What you need to do — The required output is the stretch from the line containing "誠に勝手ながら令和8年5月20日(水)を持ちまして閉店することとなりました。" through the line containing "值得一提的是,采用嵌入式的电" in the records below, unaltered and with no pictures.

Available data —
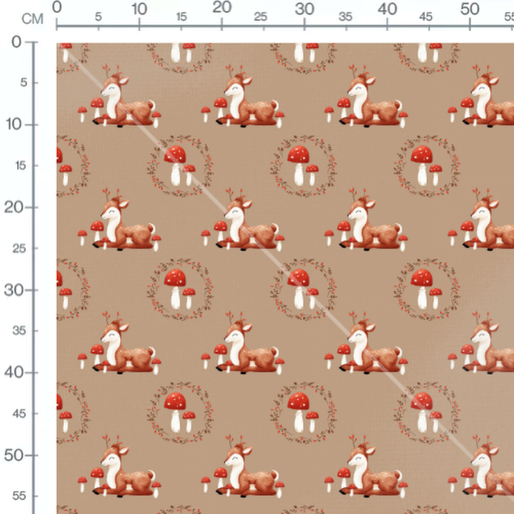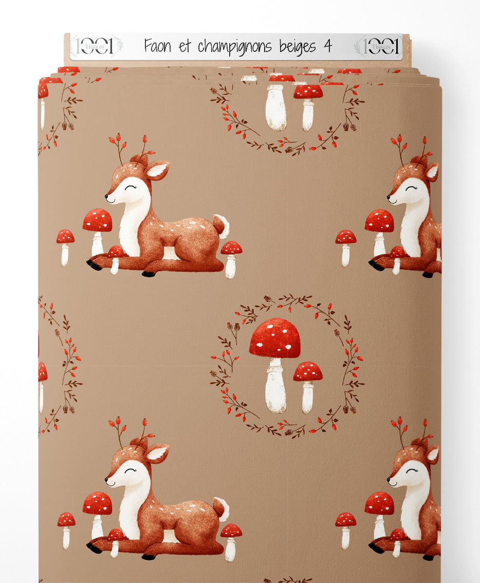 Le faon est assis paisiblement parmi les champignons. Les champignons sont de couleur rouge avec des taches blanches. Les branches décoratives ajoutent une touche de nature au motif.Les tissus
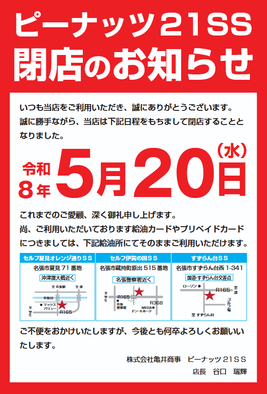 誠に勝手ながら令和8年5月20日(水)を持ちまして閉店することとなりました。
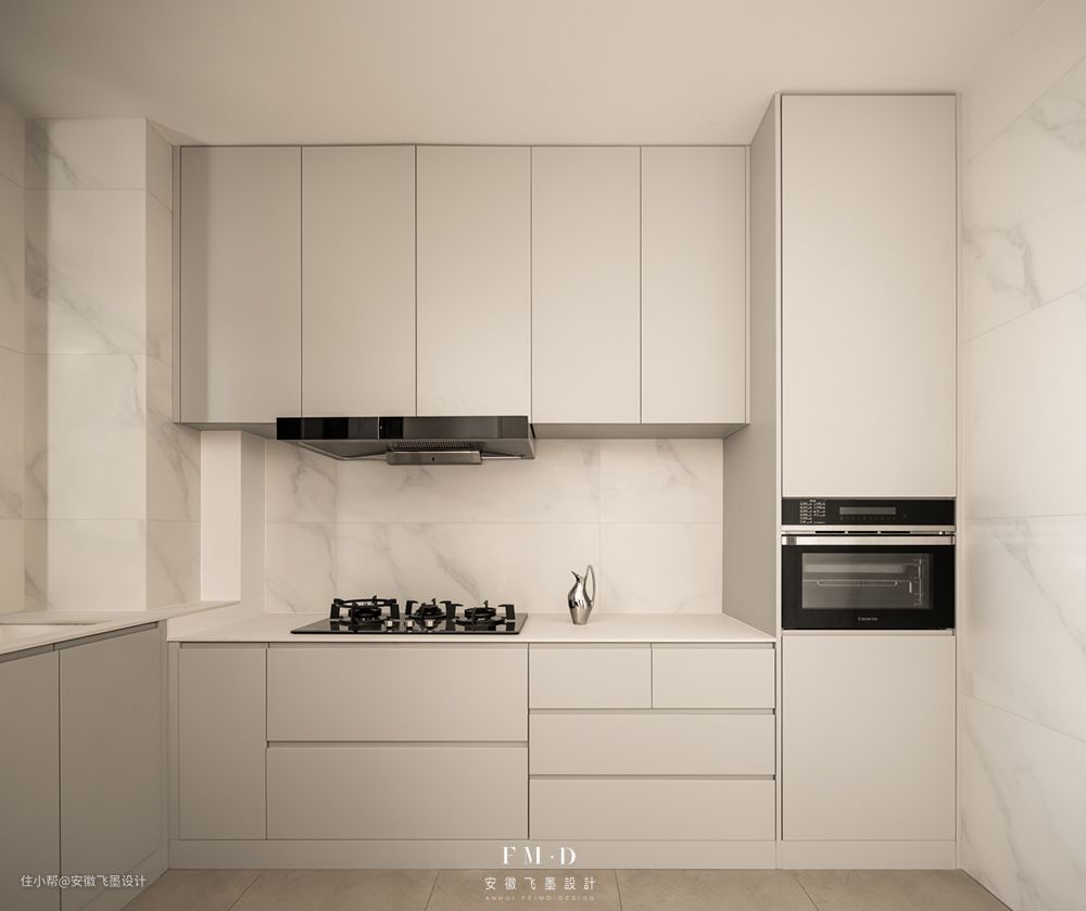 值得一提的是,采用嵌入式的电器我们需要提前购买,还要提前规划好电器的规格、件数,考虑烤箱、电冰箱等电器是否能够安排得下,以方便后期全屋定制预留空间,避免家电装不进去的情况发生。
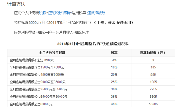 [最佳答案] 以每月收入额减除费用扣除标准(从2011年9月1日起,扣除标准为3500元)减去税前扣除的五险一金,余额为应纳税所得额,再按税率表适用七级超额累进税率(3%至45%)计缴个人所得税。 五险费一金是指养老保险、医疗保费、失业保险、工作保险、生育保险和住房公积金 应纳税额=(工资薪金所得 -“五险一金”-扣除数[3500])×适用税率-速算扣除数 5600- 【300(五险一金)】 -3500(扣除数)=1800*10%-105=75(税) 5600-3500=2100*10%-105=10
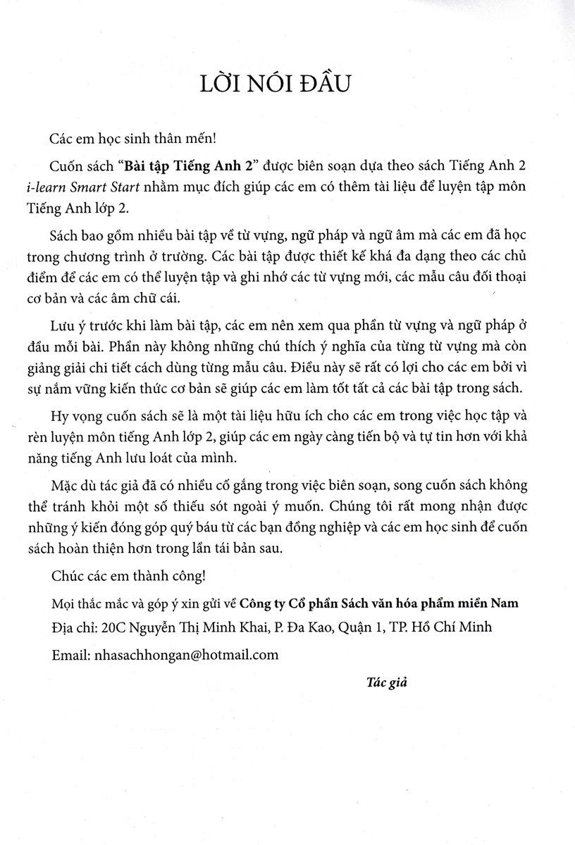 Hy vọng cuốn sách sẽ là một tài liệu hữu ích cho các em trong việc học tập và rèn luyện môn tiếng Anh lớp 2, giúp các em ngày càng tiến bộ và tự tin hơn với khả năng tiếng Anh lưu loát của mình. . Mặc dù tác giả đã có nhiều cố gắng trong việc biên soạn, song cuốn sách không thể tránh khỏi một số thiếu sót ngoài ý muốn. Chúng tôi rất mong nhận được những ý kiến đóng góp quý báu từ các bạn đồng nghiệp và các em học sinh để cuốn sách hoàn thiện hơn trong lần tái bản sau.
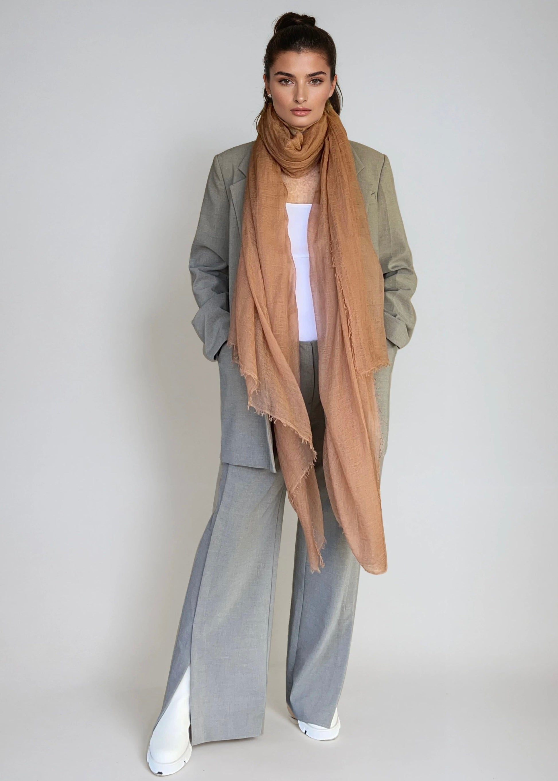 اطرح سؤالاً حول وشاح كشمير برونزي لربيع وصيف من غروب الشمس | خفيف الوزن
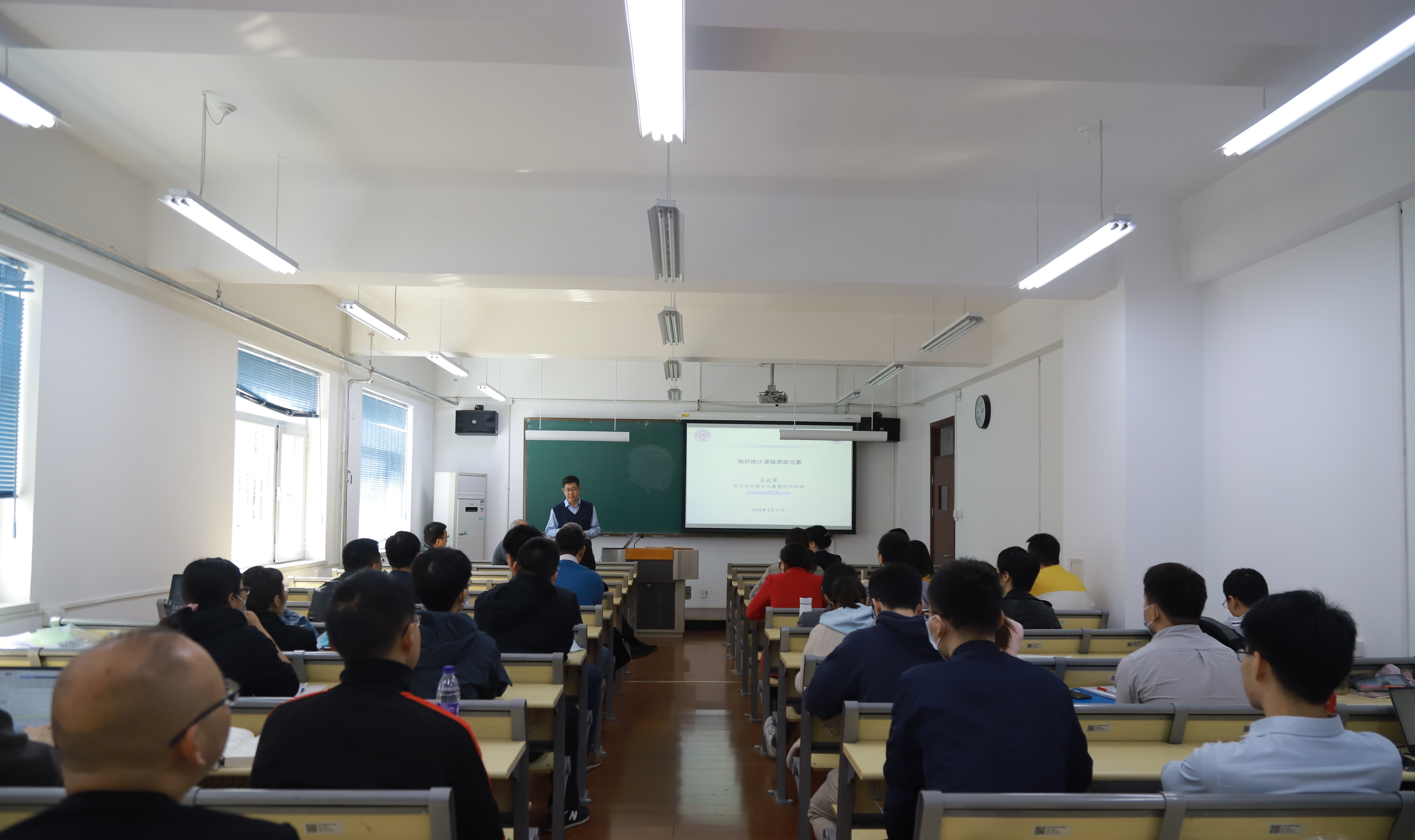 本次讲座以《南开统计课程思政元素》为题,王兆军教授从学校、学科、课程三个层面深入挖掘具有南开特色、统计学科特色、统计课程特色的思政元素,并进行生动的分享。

Task response —
 誠に勝手ながら令和8年5月20日(水)を持ちまして閉店することとなりました。
 值得一提的是,采用嵌入式的电器我们需要提前购买,还要提前规划好电器的规格、件数,考虑烤箱、电冰箱等电器是否能够安排得下,以方便后期全屋定制预留空间,避免家电装不进去的情况发生。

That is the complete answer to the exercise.